> _What to do_: Output all entries precisely and leave out the pictures.
□ □ □ □ □
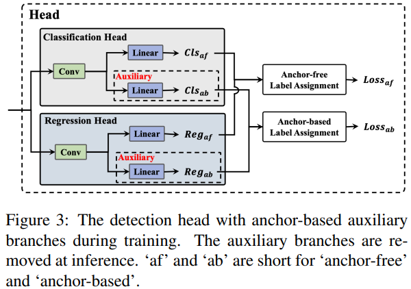 鉴于此,本文提出了锚定辅助训练(AAT),其中引入了基于锚定的辅助分支以结合基于锚定和无锚定范式的优点。它们同时应用于分类和回归头,下图清晰的显示了带有辅助装置的检测头:
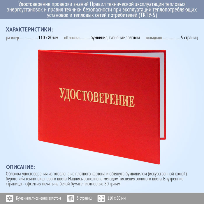 Бланк удостоверения проверки знаний Правил технической эксплуатации тепловых энергоустановок и правил техники безопасности при эксплуатации теплопотребляющих установок и тепловых сетей потребителей (ТКТУ-5) в Магнитогорске купить
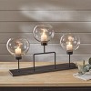 This distinctive multi votive candle display features a sleek modern design with 3 curved glass candle holders. Each removable candle holder accommodates one votive or tealight. This decorate piece can be display on any table or mantel with any home decor style. Perfect to used outdoors to illuminate your patio living space.
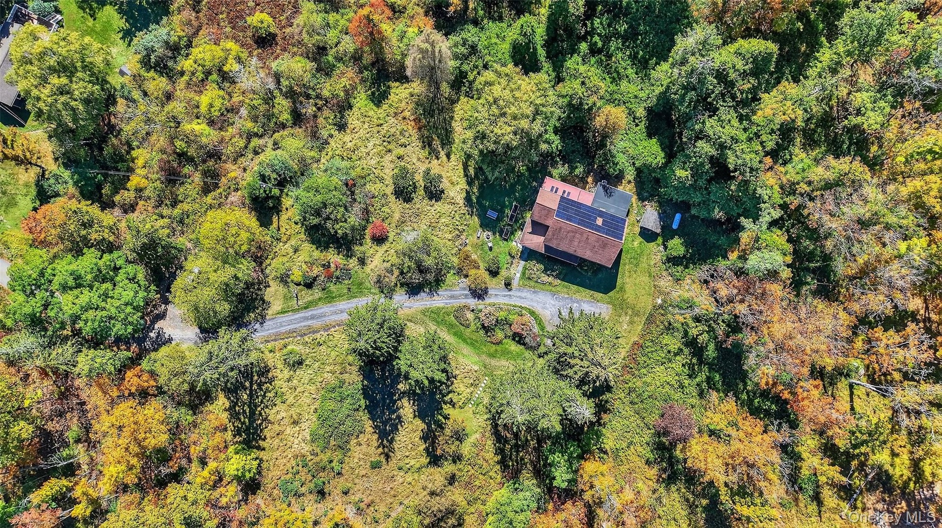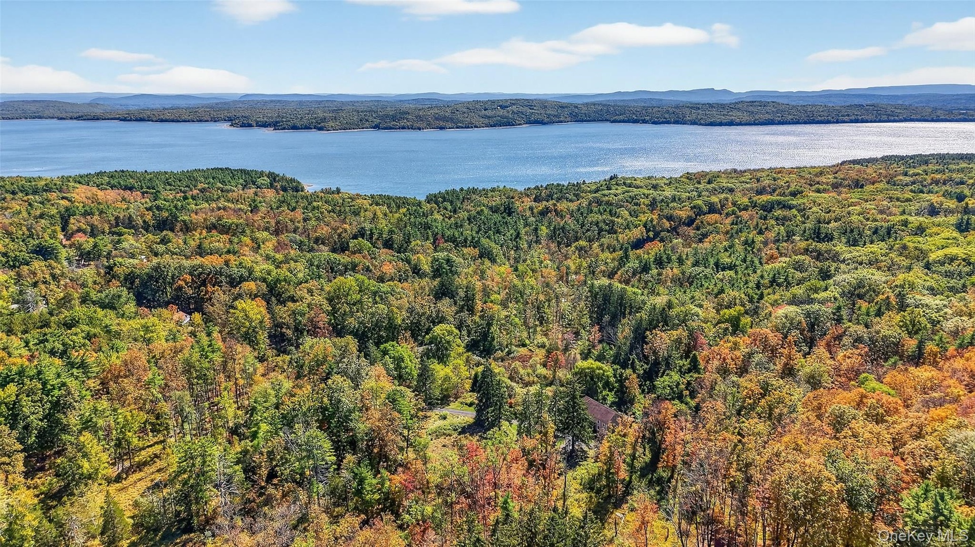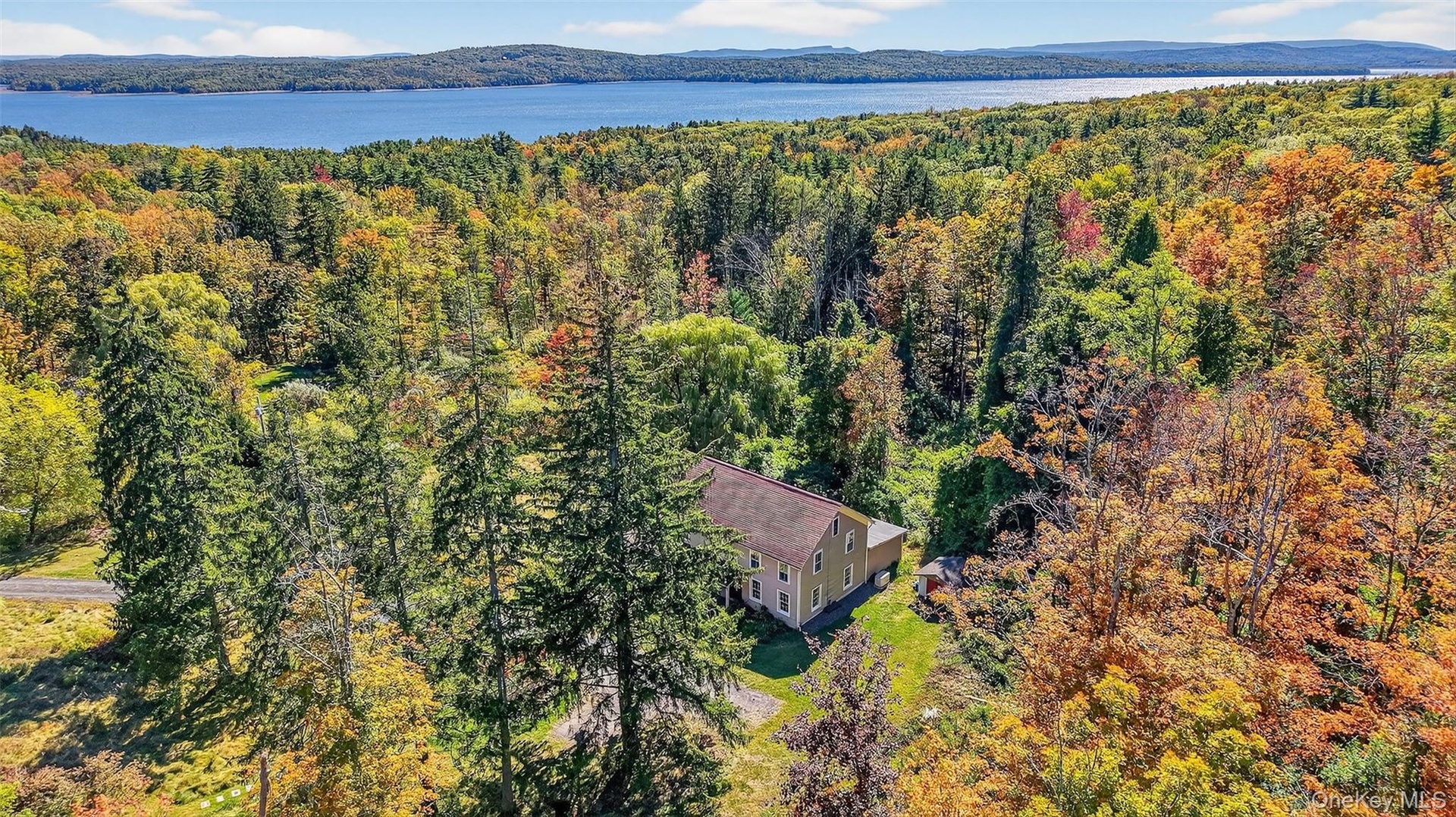 - Aerial view of property and surrounding area with a heavily wooded area and a large body of water
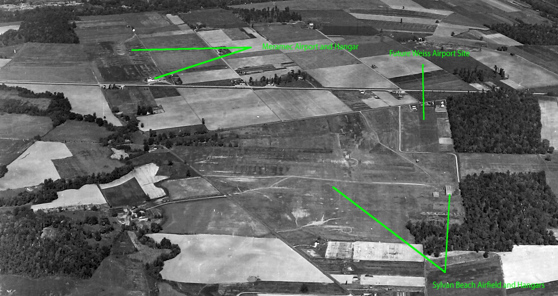 annotated to show the proximity of Meramec Airport, Sylvan Beach Airport, and the eventual Weiss Airport.
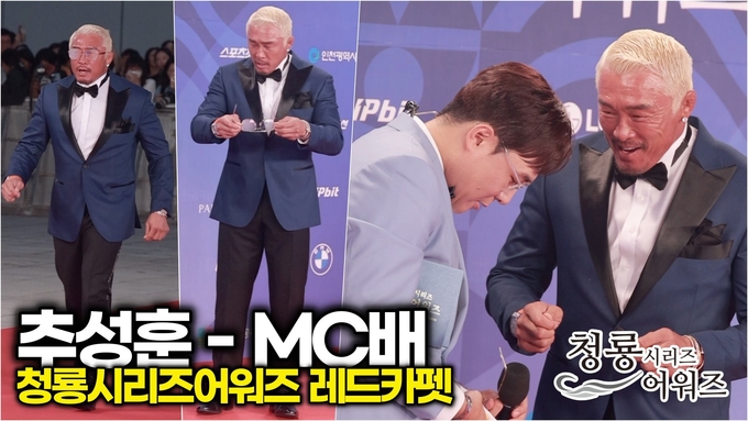 [뉴스인스타 양철수기자] 7월 18일(금) 오후, 인천광역시 중구 운서동 파라다이스시티에서 청룡시리즈어워즈 식전행사인 레드카펫이 열려 MC배가 추성훈의 안경을 닦아주고 있다.
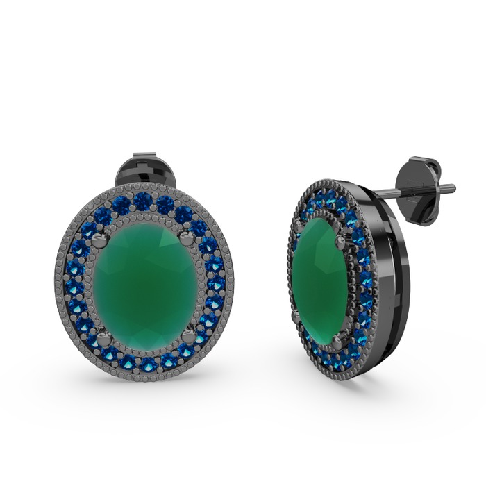 Kök zümrüt ve lab safir 925 ayar siyah rodyum kaplama gümüş küpe
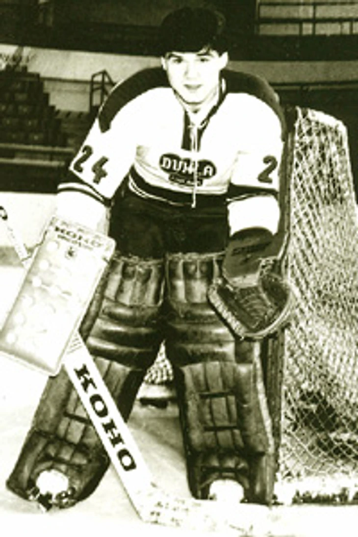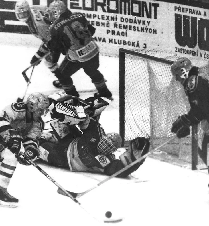 1989/90. Вратарь йиглавской «Дуклы» Доминик Гашек прижимает шайбу ко льду во встрече с тренчинскими одноклубниками
□ □ □ □ □
> _Exercise result_:
 鉴于此,本文提出了锚定辅助训练(AAT),其中引入了基于锚定的辅助分支以结合基于锚定和无锚定范式的优点。它们同时应用于分类和回归头,下图清晰的显示了带有辅助装置的检测头:
 Бланк удостоверения проверки знаний Правил технической эксплуатации тепловых энергоустановок и правил техники безопасности при эксплуатации теплопотребляющих установок и тепловых сетей потребителей (ТКТУ-5) в Магнитогорске купить
 This distinctive multi votive candle display features a sleek modern design with 3 curved glass candle holders. Each removable candle holder accommodates one votive or tealight. This decorate piece can be display on any table or mantel with any home decor style. Perfect to used outdoors to illuminate your patio living space.
 - Aerial view of property and surrounding area with a heavily wooded area and a large body of water
 annotated to show the proximity of Meramec Airport, Sylvan Beach Airport, and the eventual Weiss Airport.
 [뉴스인스타 양철수기자] 7월 18일(금) 오후, 인천광역시 중구 운서동 파라다이스시티에서 청룡시리즈어워즈 식전행사인 레드카펫이 열려 MC배가 추성훈의 안경을 닦아주고 있다.
 Kök zümrüt ve lab safir 925 ayar siyah rodyum kaplama gümüş küpe
 1989/90. Вратарь йиглавской «Дуклы» Доминик Гашек прижимает шайбу ко льду во встрече с тренчинскими одноклубниками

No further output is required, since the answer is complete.